As I was working on the SAD pledge poster and participant form which was the major fundraiser - all participants agree to live on the $7.00 per day impoverished elderly seniors live on - the lightbulb lit up in my head. My one assistant was deteriorating with an incurable tremor condition so can't keyboard and her tech abilities are diminished along with her voice on the phone.
I asked myself if I was living in joy or stress. And the answer was loud and clear.

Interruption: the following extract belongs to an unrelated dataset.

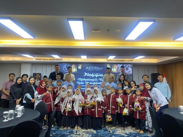Surabaya, (pawartajatim com) – Dalam rangka peringatan Maulid Nabi Muhammad SAW, Aston Inn Jemursari mengundang anak yatim piatu dari Panti Asuhan Al-Kahfi di Jalan Sidosermo Surabaya. Mereka diundang khusus untuk pengajian dan makan malam bersama jajaran manajemen serta karyawan Hotel Aston Inn Jemursari yang terletak di Jalan Sidosermo 70A, Surabaya.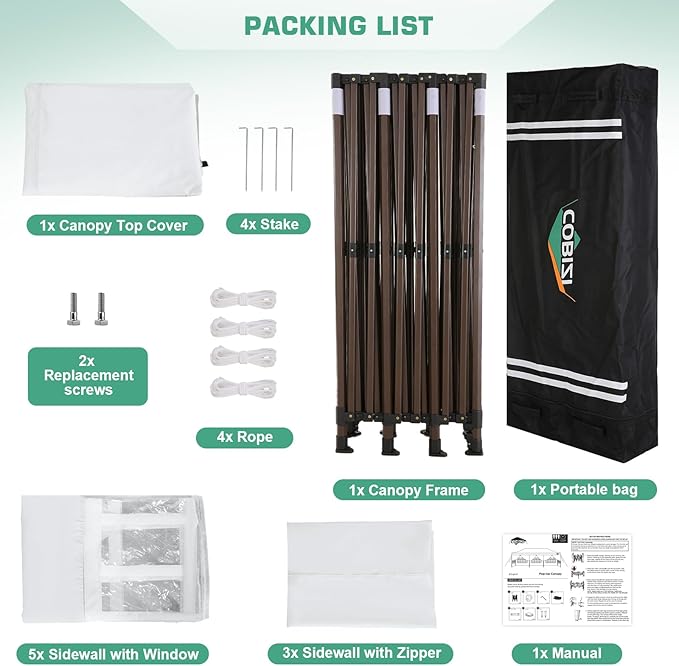 • 【Included Accessories, Warranty Service】 1x Commercial Grade 10x30 Pop Up Tent Frame, 1x Top Cover, 6x PU Coated Panels (4 x Sidewalls with Windows and 2x Sidewalls with Zippers), 8 x Ground Pegs, 4x Windproof Ropes, 1x Carrying Bags, 1x Manual. We provide 1 year warranty service. If you have any problems and questions, please feel free to contact us, we will give you the best help. Choosing us means choosing a comfortable life.

I had to stop. And after 4 hours of graphics wrestling, I laid down and thought. Enough, already. Stop this nonsense. And the relief overwhelmed me, almost immediately. This was like a full time job that was a painful reminder of other positions I positively hated and couldn't wait to bail from.
I had let go of all the things I loved, blogging, writing, knitting, workshops, music, even repotting my plants. No time. It consumed me. And for what? The sound of crickets with every announcement, survey, pleas for help.
I met with my partner, and she agreed. Her health is failing. She told me she couldn't sleep with the stress of not performing even the simplest tasks.
We gave it our very, very best. And would have given more. But the universe has a great way of showing us that even all that wasn't enough.
So we are each sleeping better.
And my tradeoff is a return of all the joys I had let go.
A beautiful card of Dingle Beach Horses and a handmade linen star sent from my sister in Ireland.
I sort of agree. It is a lost cause, a losing battle. You gave it your best. Now, it is time to enjoy the remainder of your life.
ReplyDeleteYes and the only battle is with those who need the assistance most. I think advocacy has died somewhere along the line for most seniors, it's still baffling to me.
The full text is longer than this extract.